A better similarity ranking algorithm for variable length strings
Simon White of Catalysoft wrote an article about a very clever algorithm that compares adjacent character pairs that works really well for my purposes:
http://www.catalysoft.com/articles/StrikeAMatch.html
Simon has a Java version of the algorithm and below I wrote a PL/Ruby version of it (taken from the plain ruby version done in the related forum entry comment by Mark Wong-VanHaren) so that I can use it in my PostgreSQL queries:
CREATE FUNCTION string_similarity(str1 varchar, str2 varchar)
RETURNS float8 AS '
str1.downcase!
pairs1 = (0..str1.length-2).collect {|i| str1[i,2]}.reject {
|pair| pair.include? " "}
str2.downcase!
pairs2 = (0..str2.length-2).collect {|i| str2[i,2]}.reject {
|pair| pair.include? " "}
union = pairs1.size + pairs2.size
intersection = 0
pairs1.each do |p1|
0.upto(pairs2.size-1) do |i|
if p1 == pairs2[i]
intersection += 1
pairs2.slice!(i)
break
end
end
end
(2.0 * intersection) / union
' LANGUAGE 'plruby';
Works like a charm!
marzagao's answer is great.
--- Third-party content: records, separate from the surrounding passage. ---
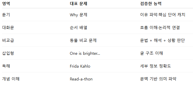 이번 중1 영어 기말고사는 지문 독해력, 비교급 문법, 대화 흐름 이해, 사건 순서 파악 능력을 고르게 평가하는 시험이었습니다. 전체 문항이 많지만, 그중 핵심 출제 의도를 가장 잘 보여주는 문제들만 선별해 분석했습니다. 아래 대표 문제만 이해해도 이번 시험의 전체 흐름과 내년 출제 방향까지 잡을 수 있습니다. PART 1. 듣기 대표 문제 분석 (핵심 유형 1) 문제 ① Why로 묻는 이유 찾기 문제 Q. Why could the boy relax during the relay race? ① He was a fast runner. ② Sports day was fun. ③ His friends cheered for him. ✔ ④ His team won. ⑤ He liked taking photos. ✔ 분석 듣기에서 가장 많이 출제되는 구조....... <img src="https://blogthumb.pstatic.net/MjAyNTEyMDlfMjE2/MDAxNzY1MjY3ODA2MDEz.nDGFB_CF-pNwEL4Ea29LXFRoay_pkdiXhtSPZHs8hu0g.LfnQZfcWZGSb1skkckGlVZOoPpo1TkpFdxMGvX56KGMg.PNG/image.png?type=s3" />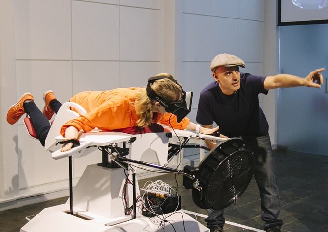 Para hacer realidad este sueño, el artista e inventor Max Rheiner, junto a la empresa Somniacs, propone que te coloques boca abajo sobre una plataforma con módulos articulados y móviles y unos cascos de realidad virtual como los Oculus Rift o los HTC Vive.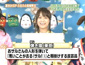 ふるさと自慢祭りということで、えりりんは東京の『弾き猿』という民芸品を紹介。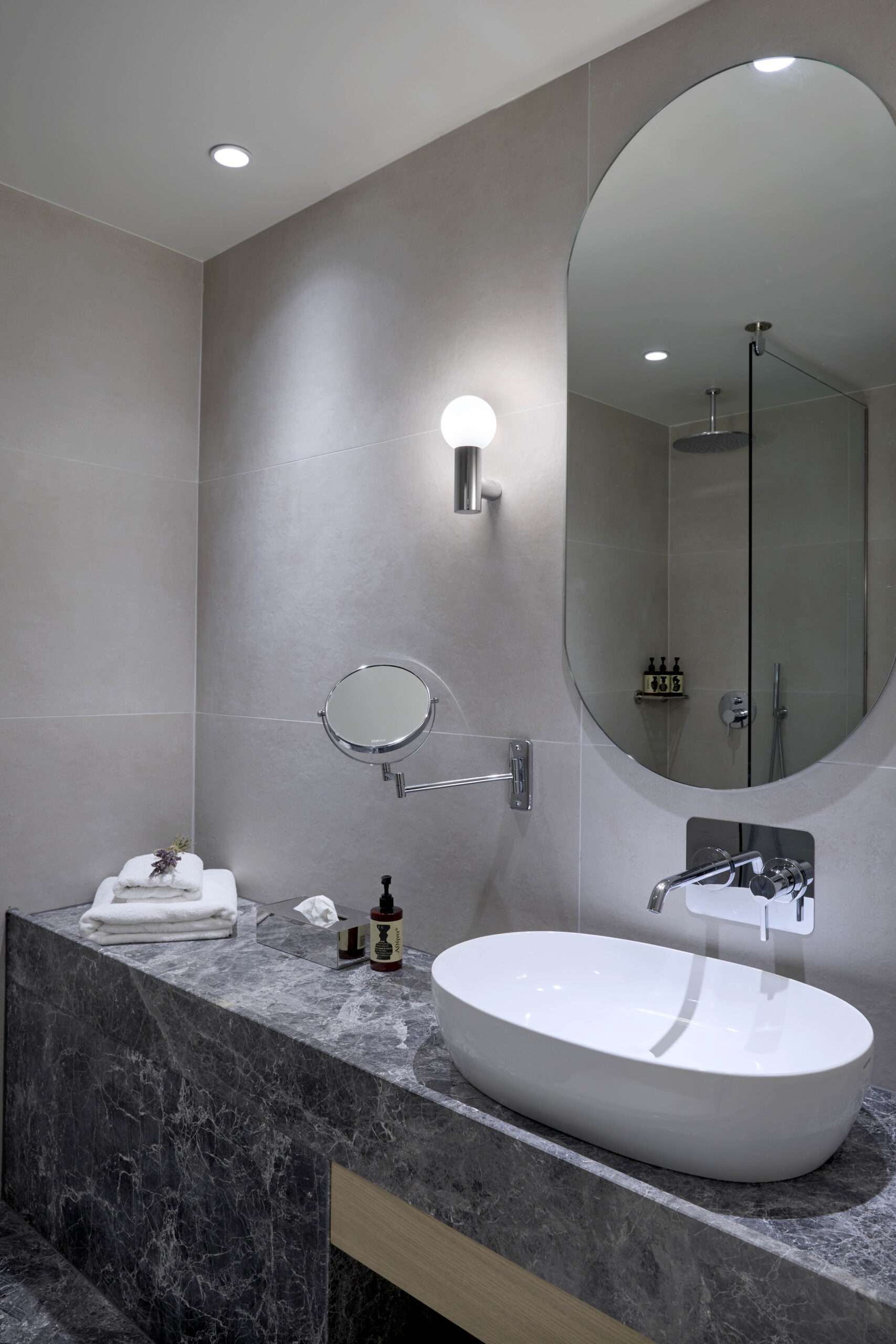 The 35 sq.-meter room on the ground floor boasts cozy colors, Mediterranean-inspired design, and natural light, complementing the elegant interiors.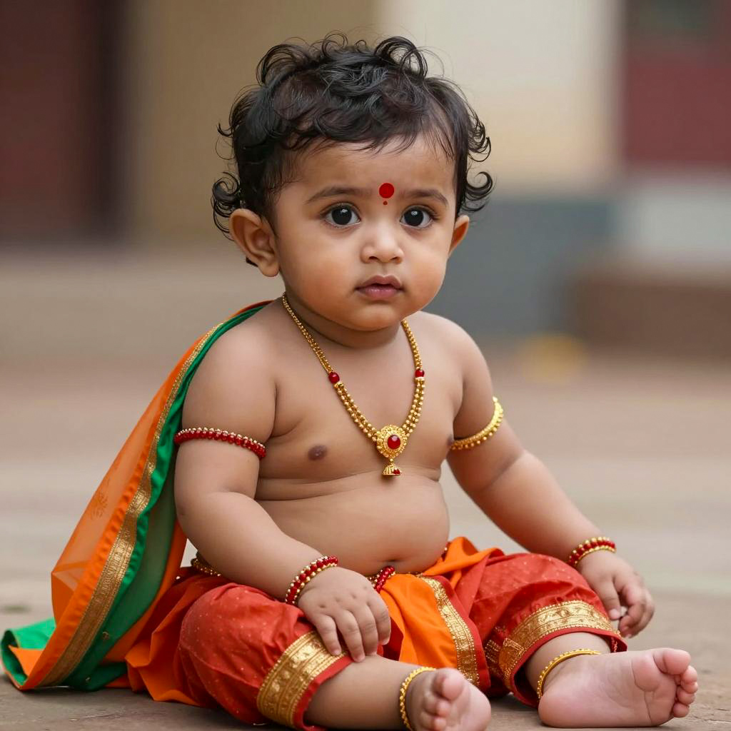 Infant indian costume, photograph of an Indian toddler, standing in front of a doorway, wearing traditional clothes, blue scarf, colorful headband, red and yellow patterned dhoti, bare chest, red necklace, brown skin, dark hair, large brown eyes, serious expression, stone archway in background, daytime, natural light, cultural attire, traditional Indian child, realistic style
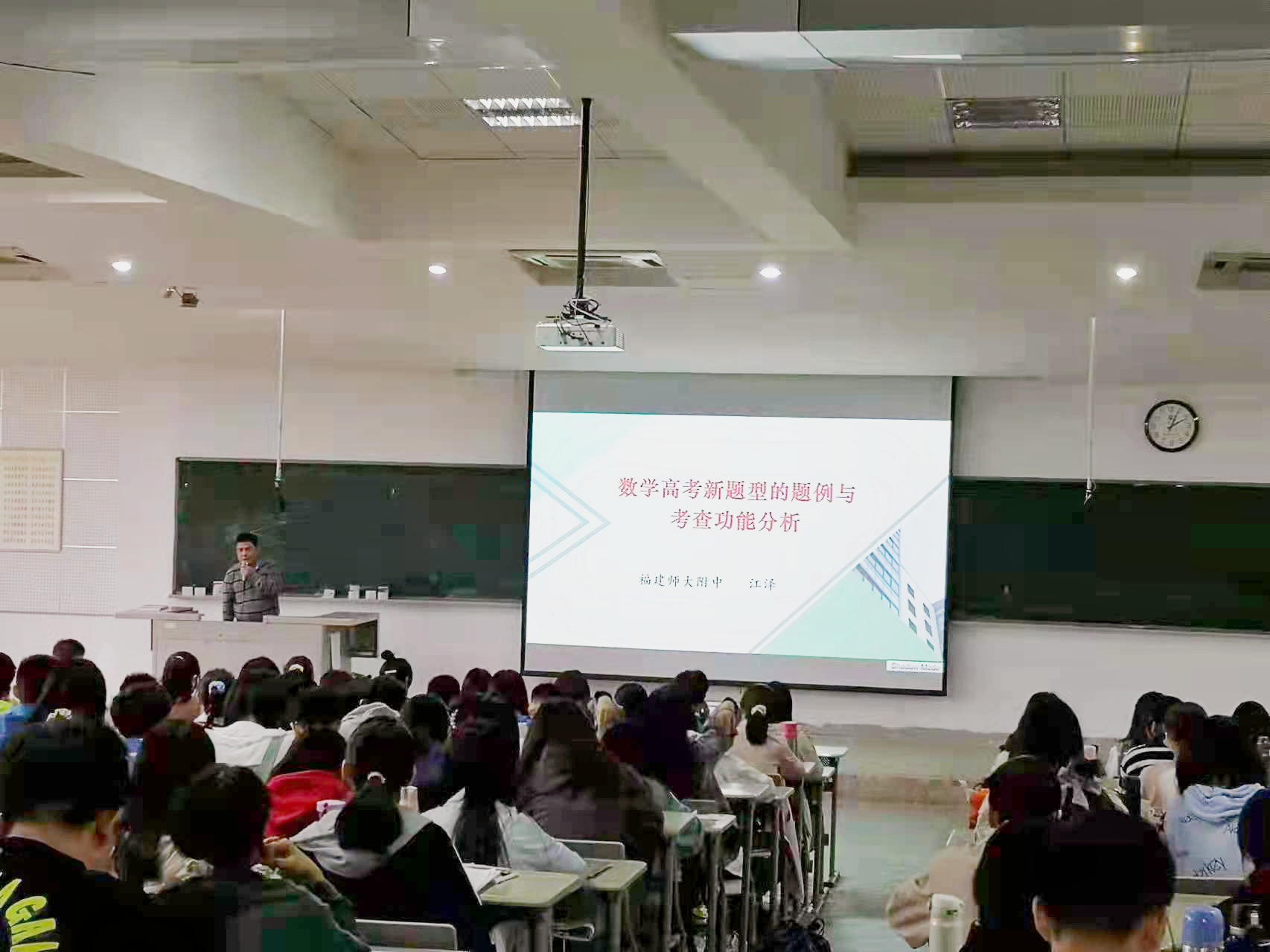 11月3日下午,邀请福建师范大学附属中学正高级教师江泽老师为数学师范生开展《数学高考新题型的题例与考查功能赏析》讲座。江泽老师向同学们分析了国家对高考改革的重大举措,并分享了高考文理不分科后数学学科考试的相关研究进展。互动环节上,江泽老师耐心解答了同学们的提问,使同学们进一步了解新高考背景下的新题型及其考察功能赏析。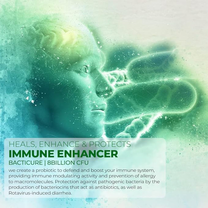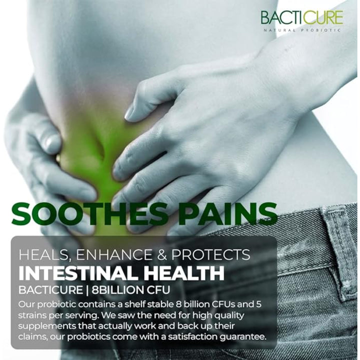 Bacticure actúa restaurando el equilibrio de tu microbiota intestinal. Las cinco colonias de probióticos actúan en sinergia para optimizar la digestión, mejorar la absorción de nutrientes y fortalecer tu sistema inmune.

I converted it to C# so I thought I'd post it here:
Pastebin Link
/// <summary>
/// This class implements string comparison algorithm
/// based on character pair similarity
/// Source: http://www.catalysoft.com/articles/StrikeAMatch.html
/// </summary>
public class SimilarityTool
{
/// <summary>
/// Compares the two strings based on letter pair matches
/// </summary>
/// <param name="str1"></param>
/// <param name="str2"></param>
/// <returns>The percentage match from 0.0 to 1.0 where 1.0 is 100%</returns>
public double CompareStrings(string str1, string str2)
{
List<string> pairs1 = WordLetterPairs(str1.ToUpper());
List<string> pairs2 = WordLetterPairs(str2.ToUpper());
int intersection = 0;
int union = pairs1.Count + pairs2.Count;
for (int i = 0; i < pairs1.Count; i++)
{
for (int j = 0; j < pairs2.Count; j++)
{
if (pairs1[i] == pairs2[j])
{
intersection++;
pairs2.RemoveAt(j);//Must remove the match to prevent "GGGG" from appearing to match "GG" with 100% success
break;
}
}
}
return (2.0 * intersection) / union;
}
/// <summary>
/// Gets all letter pairs for each
/// individual word in the string
/// </summary>
/// <param name="str"></param>
/// <returns></returns>
private List<string> WordLetterPairs(string str)
{
List<string> AllPairs = new List<string>();
// Tokenize the string and put the tokens/words into an array
string[] Words = Regex.Split(str, @"\s");
// For each word
for (int w = 0; w < Words.Length; w++)
{
if (!string.IsNullOrEmpty(Words[w]))
{
// Find the pairs of characters
String[] PairsInWord = LetterPairs(Words[w]);
for (int p = 0; p < PairsInWord.Length; p++)
{
AllPairs.Add(PairsInWord[p]);
}
}
}
return AllPairs;
}
/// <summary>
/// Generates an array containing every
/// two consecutive letters in the input string
/// </summary>
/// <param name="str"></param>
/// <returns></returns>
private string[] LetterPairs(string str)
{
int numPairs = str.Length - 1;
string[] pairs = new string[numPairs];
for (int i = 0; i < numPairs; i++)
{
pairs[i] = str.Substring(i, 2);
}
return pairs;
}
}
Here is another version of marzagao's answer, this one written in Python:
def get_bigrams(string):
"""
Take a string and return a list of bigrams.
"""
s = string.lower()
return [s[i:i+2] for i in list(range(len(s) - 1))]
def string_similarity(str1, str2):
"""
Perform bigram comparison between two strings
and return a percentage match in decimal form.
"""
pairs1 = get_bigrams(str1)
pairs2 = get_bigrams(str2)
union = len(pairs1) + len(pairs2)
hit_count = 0
for x in pairs1:
for y in pairs2:
if x == y:
hit_count += 1
break
return (2.0 * hit_count) / union
if __name__ == "__main__":
"""
Run a test using the example taken from:
http://www.catalysoft.com/articles/StrikeAMatch.html
"""
w1 = 'Healed'
words = ['Heard', 'Healthy', 'Help', 'Herded', 'Sealed', 'Sold']
for w2 in words:
print('Healed --- ' + w2)
print(string_similarity(w1, w2))
print()